Article ID Journal Published Year Pages File Type
4129705 Annals of Diagnostic Pathology 2016 6 Pages PDF
Abstract

Despite the known benefits of the use of radioactive seed localization (RSL), few studies have looked at the resultant pathologic marginal status of these lumpectomy specimens, especially in regard to different definitions of close/positive margins. We compared the marginal status of lumpectomy specimens removed by either RSL or conventional wire localization (CWL) techniques. A total of 106 lumpectomy specimens including 62 by CWL and 44 by RSL for invasive ductal and lobular carcinomas were compared. Data on gross and microscopic surgical margin status, tumor type and grade, and demographic information were retrospectively collected.

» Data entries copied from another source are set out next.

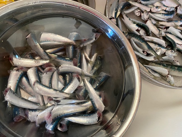 興にのり、イワシ・イワシ・イワシ。 塩水で洗ったあと、新しい塩水に1時間漬けた...
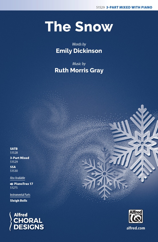 Crisp eighth-note figures and steady sleigh bells create the feeling of a jaunty sleigh ride while contrasting legato sections evoke the chill of blowing snow. Sopranos exclaim the title over and over as others interject with words from Emily Dickinson's wintertime poem. Some repetition makes for ease of learning, but the unexpected harmonic progression keeps things fresh.
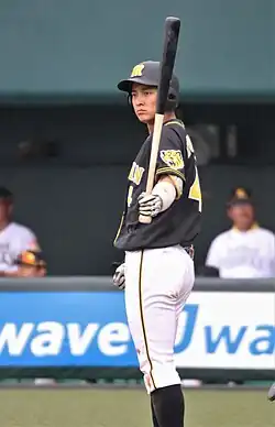 He was the Hanshin Tigers' 3rd round pick in the 2017 Nippon Professional Baseball draft. He inked a 60 million yen contract with the Tigers for a 10 million yen annual salary.[6] He was assigned the jersey number 4.[7] The 1st round pick of the same draft, pitcher Kosuke Baba, was his teammate in high school.[8]

There was no difference between the techniques in terms of tumor characteristics including size, histologic grade, lymph node positivity, or age. Although the distributions are very similar between CWL and RSL specimens for final marginal assessments (P = .69), there is a (modest) statistically significant difference in the distribution for margin classifications based on gross assessments (P = .040), specifically more RSL specimens exhibiting tumor within 1 mm of the closest margin. Concordance between gross and microscopic lesion measurements is highest for invasive ductal carcinoma grade 3 for both CWL and RSL lumpectomies (78.6% and 80.0%). This study shows that there were no significant marginal status differences between RSL and CWL lumpectomy specimens with invasive carcinoma. Rather, what was relevant is whether the entire specimen could be classified as having negative/close margins. Significant workflow challenges in surgical pathology laboratories are expected with the adoption of the RSL process.